Stena Vision is a cruise ferry owned and operated by Stena Line. As Stena Germanica, she operated the overnight Kiel–Gothenburg route and also during the summer months the route Gothenburg–Fredrikshavn. Since 2010, she has been on the Karlskrona–Gdynia route.

History

Stena Germanica was the first of four  large ferries ordered in 1980 by Stena Line for Scandinavian routes. She was launched in August 1981 as the Stena Scandinavica.
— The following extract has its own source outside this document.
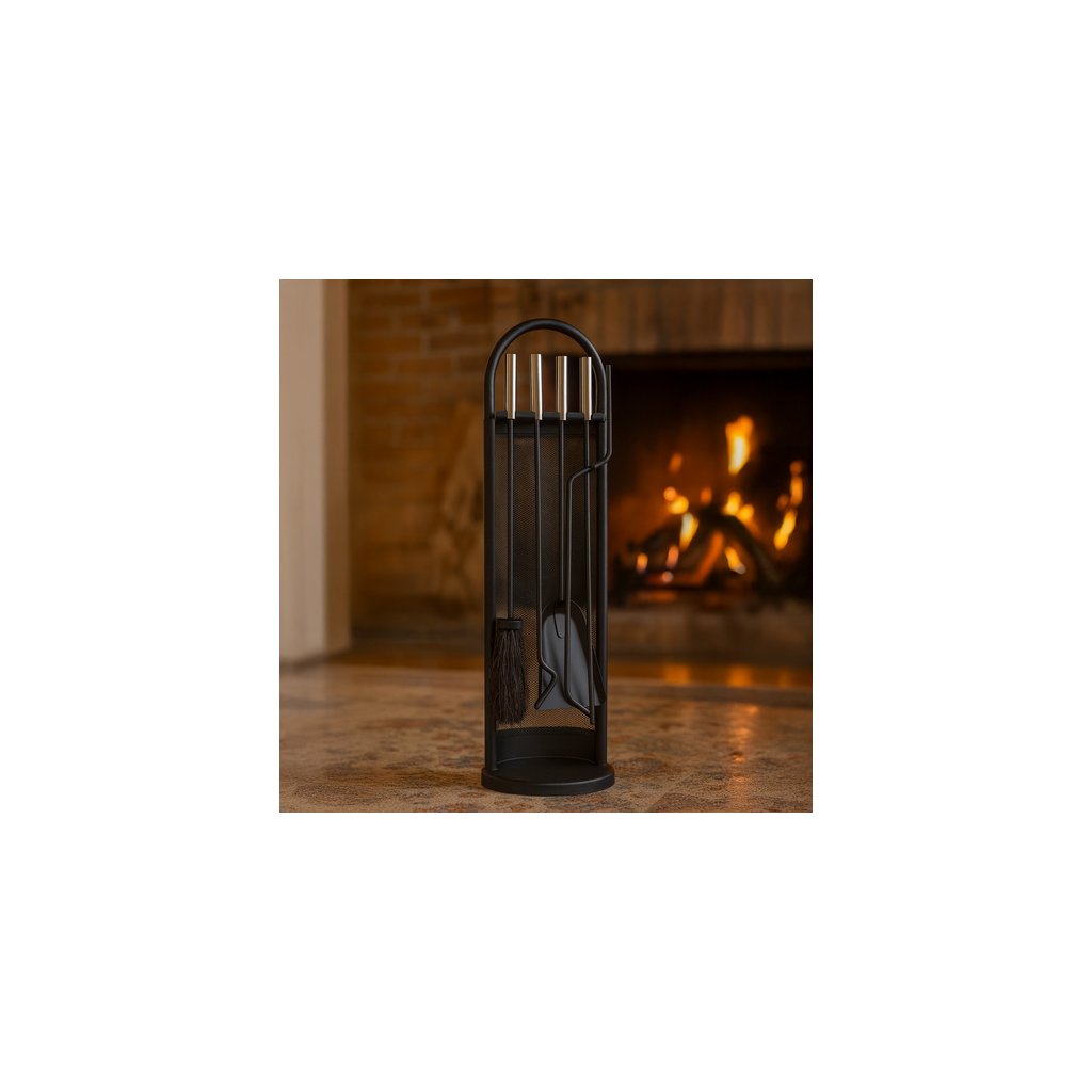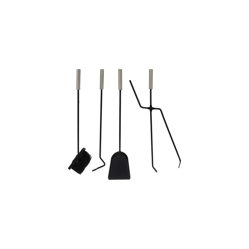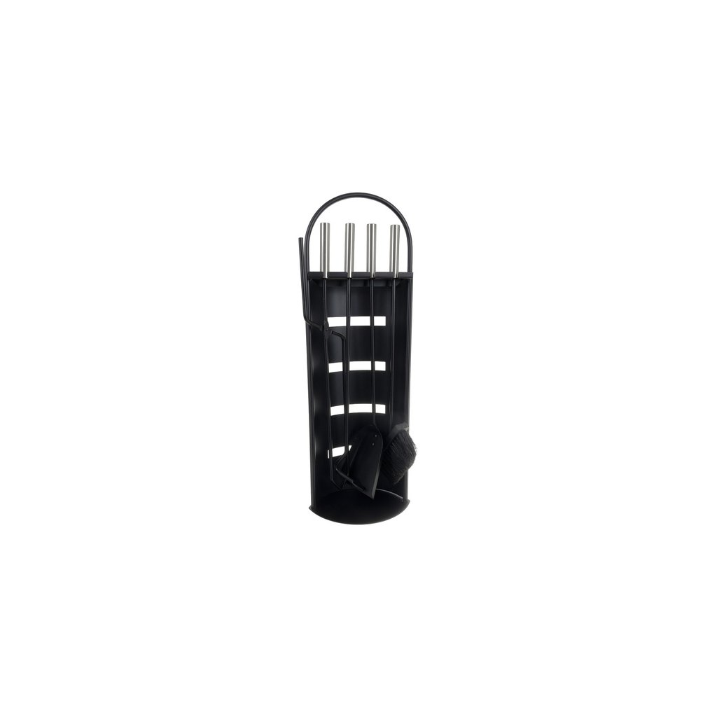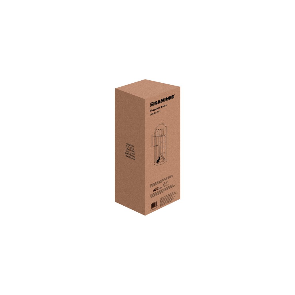 Elegantní a odolná sada krbového nářadí KAMINER 25971 obsahuje vše potřebné pro obsluhu krbů, kamen i venkovních ohnišť. Pětidílný set (kleště, lopatka, smetáček, pohrabáč a stojan) je vyroben z oceli a nerezové oceli, odolává vysokým teplotám a díky kovovým rukojetím a stojanu s háčky zajišťuje bezpečnou manipulaci i přehledné uložení nástrojů.

However, due to problems at the construction yard, completion was delayed and it was not until 1987 that she entered service as the Stena Germanica on the overnight Kiel–Gothenburg route, joined in 1988 by the second of the quartet, Stena Scandinavica. In 2010, Stena Germanica was replaced by Stena Hollandica.  Following rebuilding in Gothenburg she was renamed Stena Vision.

Layout
In her original layout, Stena Germanica had berths for 2,374 passengers and took 550 cars. Following refit, Stena Vision accommodates 1,700 passengers in a variety of standards of cabin. Her vehicle deck can take 360 cars. She is a Ro Ro ferry.

Service
From 1987 to 2010, Stena Germanica operated the overnight Gothenburg–Kiel route.

From 1987 to 2000, Stena Germanica during the summer months operated the Gothenburg–Fredrikshavn route.

Since 2010, Stena Vision has operated on the Karlskrona–Gdynia route.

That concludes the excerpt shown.